• **Your assignment**
Every line from the start of the data through the line containing "Clayton Kershaw Signed" should be retyped exactly; the pictures should not.

• **Dataset extract**
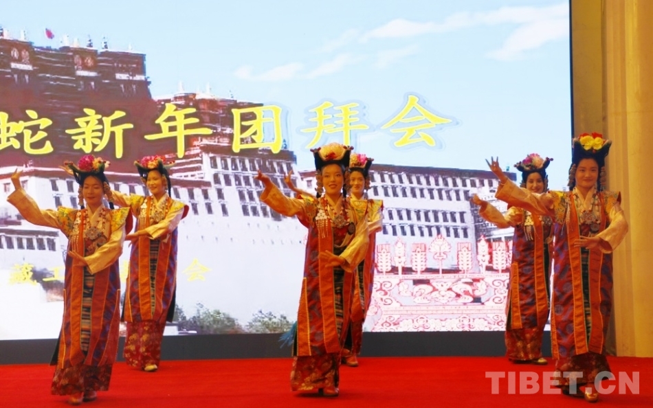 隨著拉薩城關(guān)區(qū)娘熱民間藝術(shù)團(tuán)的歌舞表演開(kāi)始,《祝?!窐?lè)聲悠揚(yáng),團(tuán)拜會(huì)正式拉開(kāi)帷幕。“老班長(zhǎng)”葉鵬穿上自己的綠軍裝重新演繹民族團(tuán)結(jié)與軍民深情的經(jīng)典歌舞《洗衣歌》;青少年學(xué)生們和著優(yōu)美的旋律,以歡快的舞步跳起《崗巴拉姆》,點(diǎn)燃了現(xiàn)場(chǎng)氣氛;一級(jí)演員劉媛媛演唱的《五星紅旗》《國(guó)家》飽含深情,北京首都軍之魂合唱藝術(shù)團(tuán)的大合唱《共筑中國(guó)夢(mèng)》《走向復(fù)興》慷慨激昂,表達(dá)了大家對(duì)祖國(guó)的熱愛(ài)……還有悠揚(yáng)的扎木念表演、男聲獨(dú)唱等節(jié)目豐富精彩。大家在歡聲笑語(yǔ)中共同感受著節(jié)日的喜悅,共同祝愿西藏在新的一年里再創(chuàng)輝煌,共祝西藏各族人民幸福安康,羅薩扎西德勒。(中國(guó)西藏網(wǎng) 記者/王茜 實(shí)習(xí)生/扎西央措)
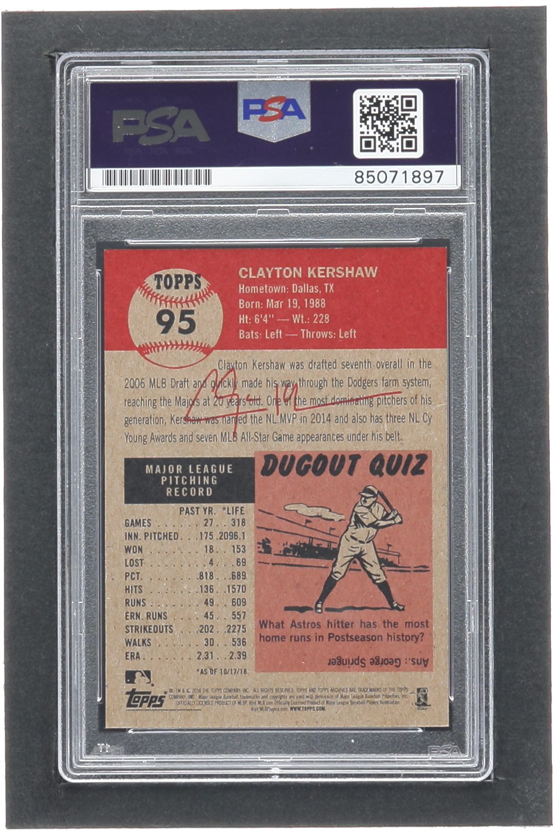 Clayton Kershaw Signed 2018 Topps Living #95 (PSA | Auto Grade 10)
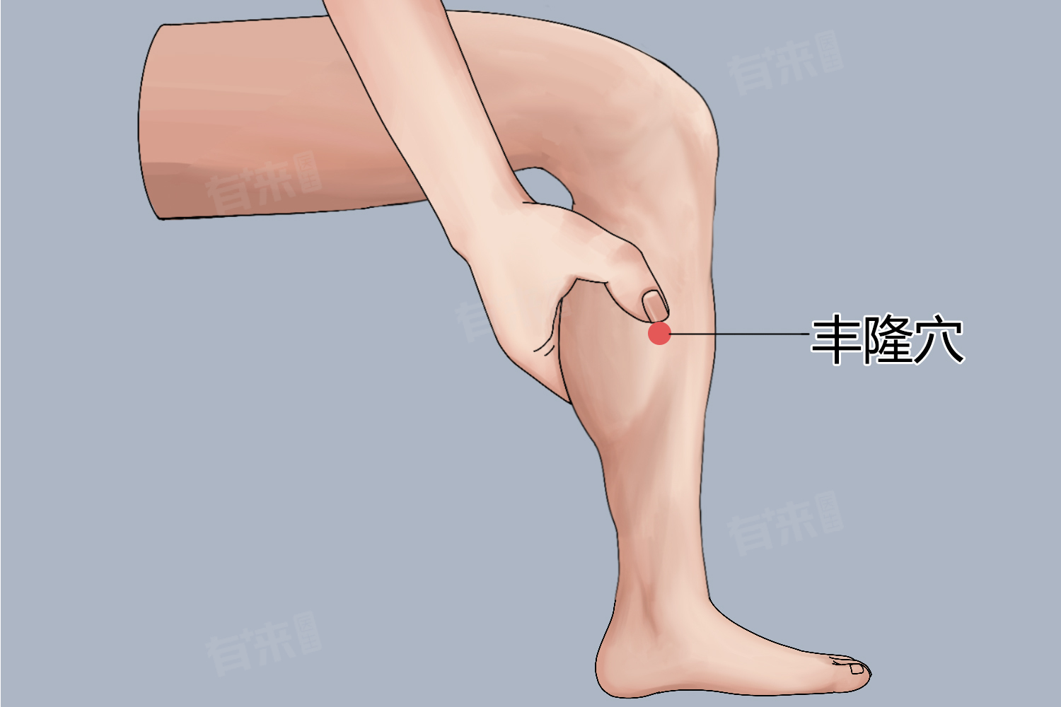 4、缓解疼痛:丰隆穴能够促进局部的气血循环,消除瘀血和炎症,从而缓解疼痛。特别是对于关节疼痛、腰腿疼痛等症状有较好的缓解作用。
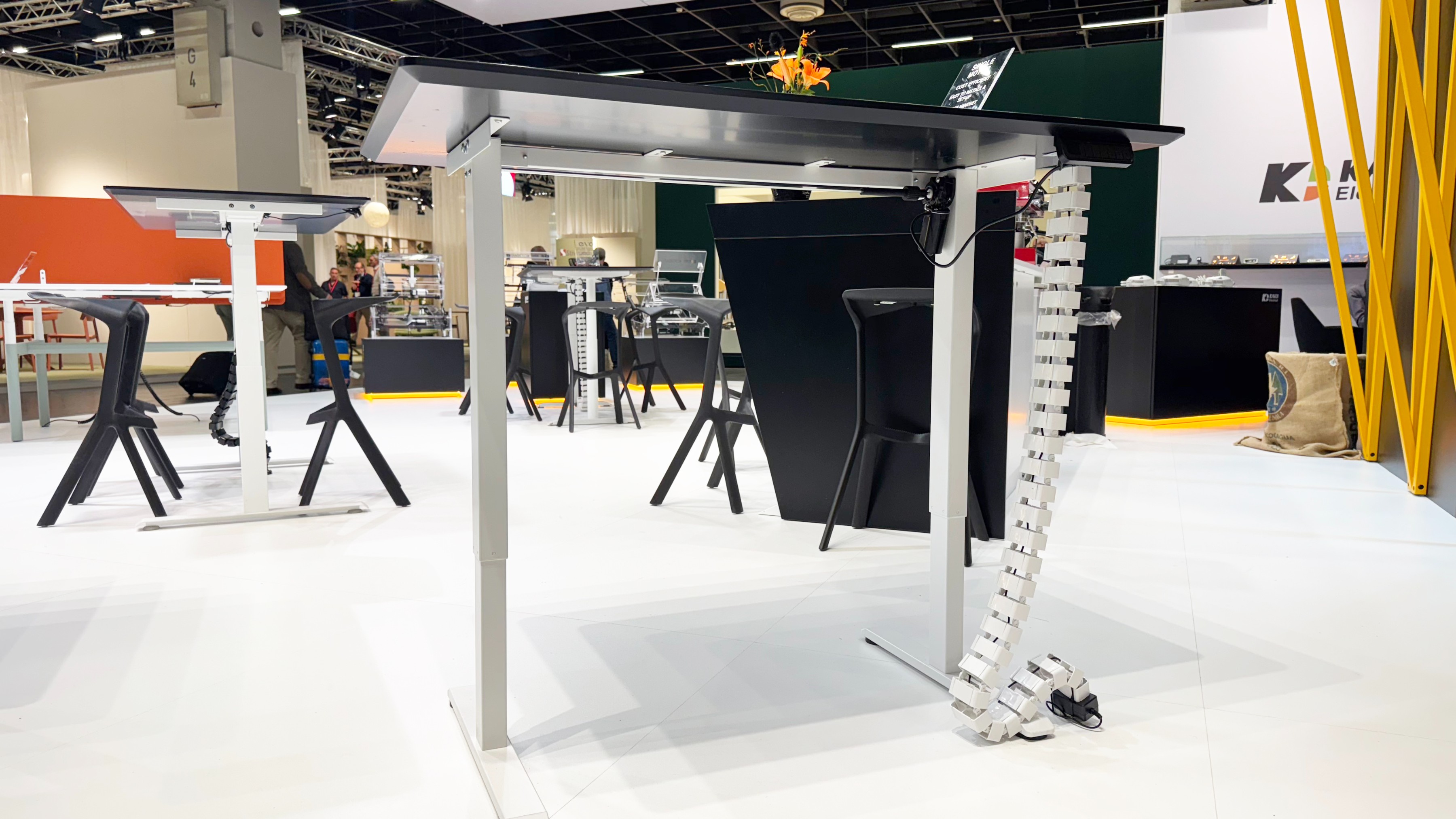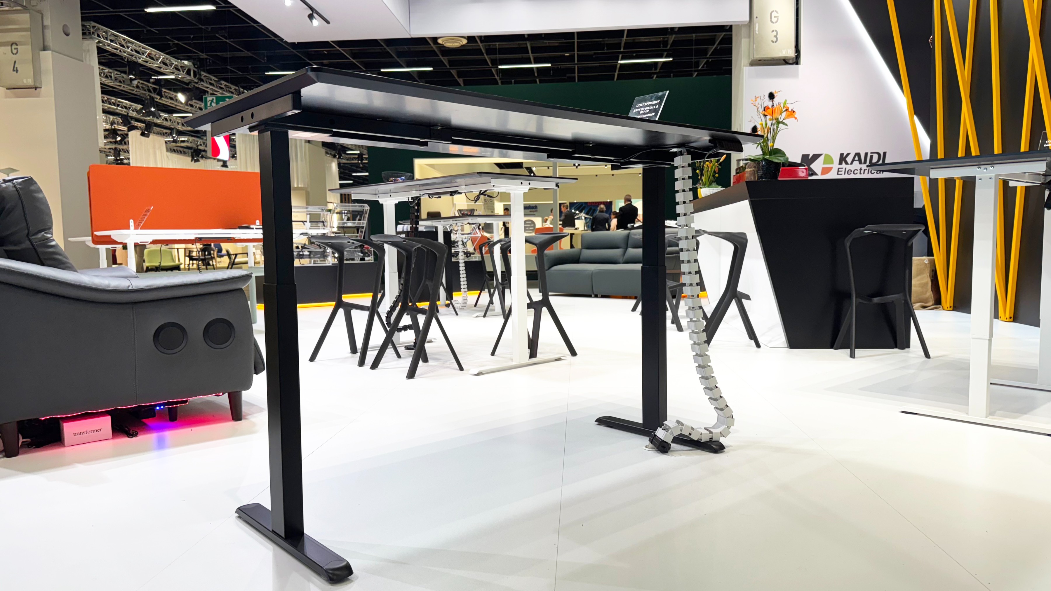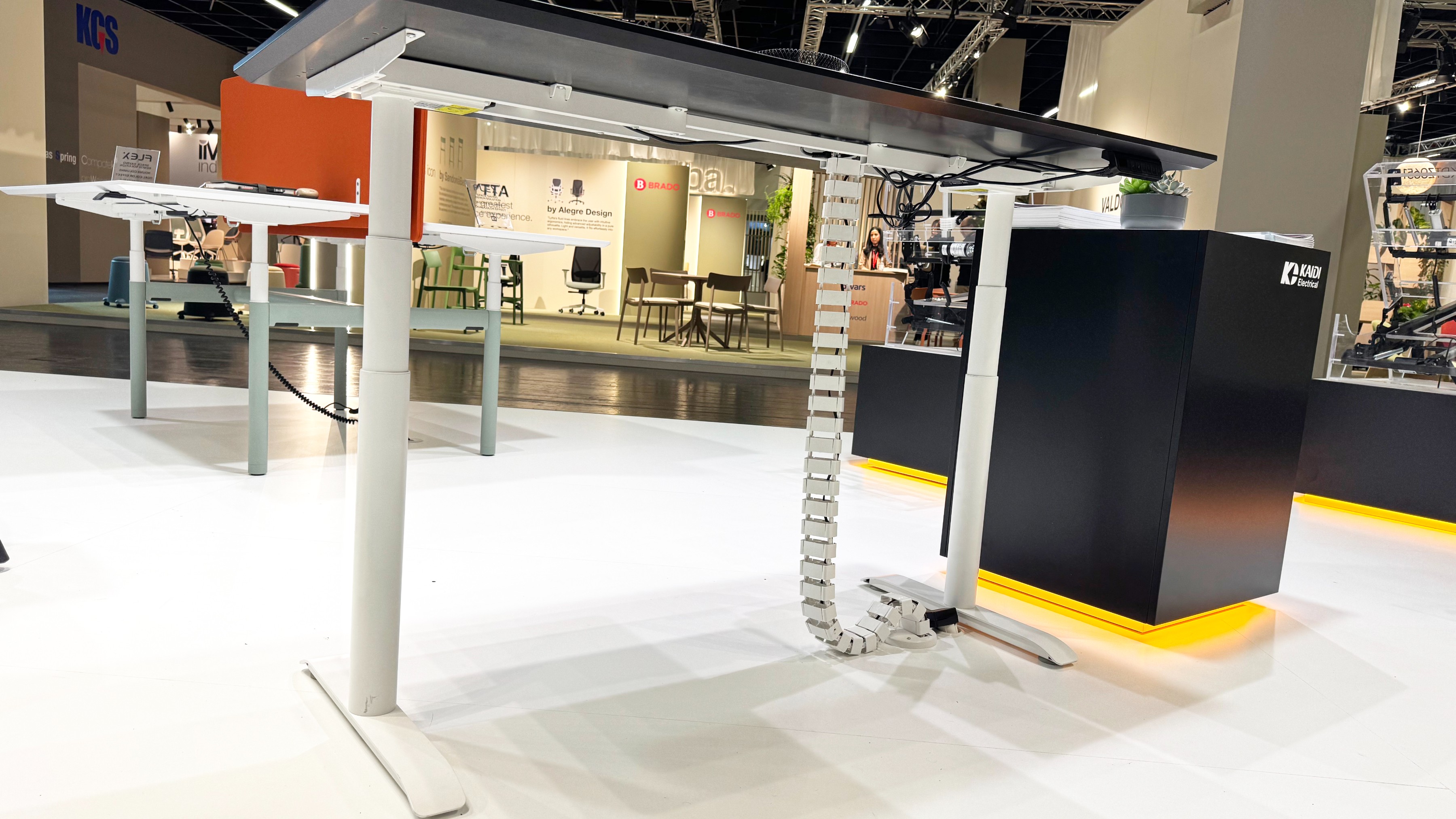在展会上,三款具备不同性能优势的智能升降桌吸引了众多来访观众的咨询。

• **Result of this task**
 隨著拉薩城關(guān)區(qū)娘熱民間藝術(shù)團(tuán)的歌舞表演開(kāi)始,《祝?!窐?lè)聲悠揚(yáng),團(tuán)拜會(huì)正式拉開(kāi)帷幕。“老班長(zhǎng)”葉鵬穿上自己的綠軍裝重新演繹民族團(tuán)結(jié)與軍民深情的經(jīng)典歌舞《洗衣歌》;青少年學(xué)生們和著優(yōu)美的旋律,以歡快的舞步跳起《崗巴拉姆》,點(diǎn)燃了現(xiàn)場(chǎng)氣氛;一級(jí)演員劉媛媛演唱的《五星紅旗》《國(guó)家》飽含深情,北京首都軍之魂合唱藝術(shù)團(tuán)的大合唱《共筑中國(guó)夢(mèng)》《走向復(fù)興》慷慨激昂,表達(dá)了大家對(duì)祖國(guó)的熱愛(ài)……還有悠揚(yáng)的扎木念表演、男聲獨(dú)唱等節(jié)目豐富精彩。大家在歡聲笑語(yǔ)中共同感受著節(jié)日的喜悅,共同祝愿西藏在新的一年里再創(chuàng)輝煌,共祝西藏各族人民幸福安康,羅薩扎西德勒。(中國(guó)西藏網(wǎng) 記者/王茜 實(shí)習(xí)生/扎西央措)
 Clayton Kershaw Signed 2018 Topps Living #95 (PSA | Auto Grade 10)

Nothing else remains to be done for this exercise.